20年前に、数日だけ徘徊した、あの街並を思い出し

思わず、シンクロ^^;

私も、ロンドンやパリの街並は、迷わず闊歩出来ましたが

ヴェネツィアの街並、路地は、手ごわい^^;

目的の、リストランテひとつ探すのに、一苦労・・・

2017/03/13 (Mon) 07:35 | 高兄 #eP1cGWnA | URL | 編集
No title

初めまして、
このcampoの名前、広場奥右に同名の教会があり、S. Maria Mater Domini という広場じゃないでしょうか。そうとすれば、写真中ほどの店は絵葉書等を店の奥で印刷して売っているお店で、今年もまた別シリーズのヴェネツィア絵葉書を購入してしまいました。日本では通称ハイデルと呼んでいる、ドイツの優秀な印刷機で刷っています。
撮影場所の橋の背後は、“トゥーランドット”等を書いた作家カルロ・ゴッズィが住んだ館の筈です。その直ぐ傍のアパートを借りて、語学校に通ったので、懐かしいです。
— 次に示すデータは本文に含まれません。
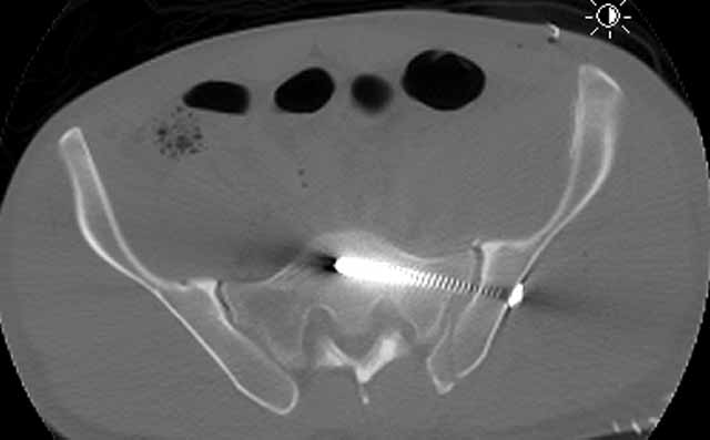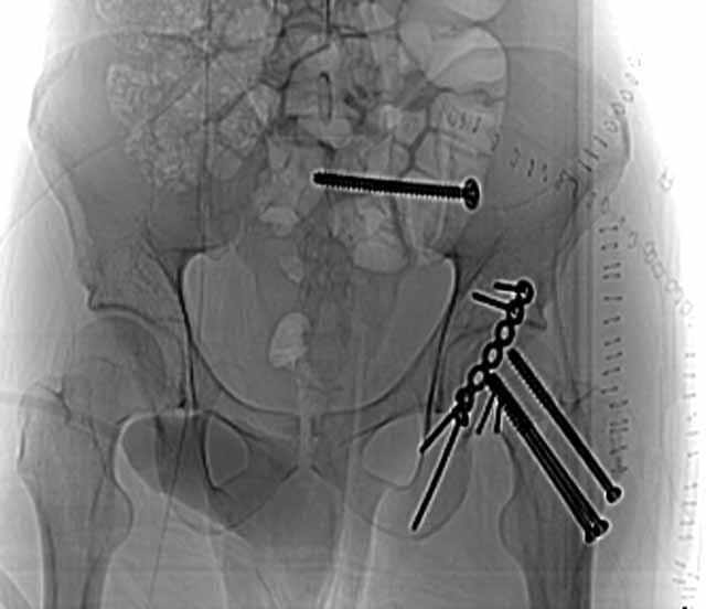 Two days later we returned to the OR and tried a closed manipulative reduction of the SI joint-iliac fracture but it failed, so we used the lateral (iliac) window of an ilioinguinal exposure to clean, reduce, and clamp the SI joint. We stabilized it with an iliosacral screw and closed.

2017/03/14 (Tue) 04:55 | pescecrudo #j9tLw1Y2 | URL | 編集
Re: No title

高兄さん、こんにちは。高兄さんも経験されましたか、あの迷路のような道、入り組んだ細い道、突き当たった先が運河だったり袋小路だったり。私も知人が薦めてくれた店を探して歩きましたが、それはもう本当に大変でした。と言うよりか、もう分からないと諦めたところで見つけましたよ。兎に角ヴェネツィア、これほど私を迷わせてくれる。それで居てどうしようもなく魅力的。

2017/03/14 (Tue) 22:42 | yspringmind #- | URL | 編集
Re: No title

pescecrudoさん、こんにちは。この広場の名前は正にS. Maria Mater Dominiです。驚きですね、この広場の片面だけしか写っていないと言うのに。しかも地味で、特徴の無い写真だというのに。店は絵葉書等売っている店でしたが、まさか店の奥で印刷をしているとは知りませんでした。通称ハイデルと呼んでいる、ドイツの優秀な印刷機で刷っている・・・とのことですが、詳しいですね、印刷のこと。実に興味深いです、pescecrudoさん。この直ぐ近くのアパートを借りて語学校に通ったのは何時頃のことでしょうか。懐かしい・・・そうでしょうね、分かりますよ。そういう記憶は忘れられないものです。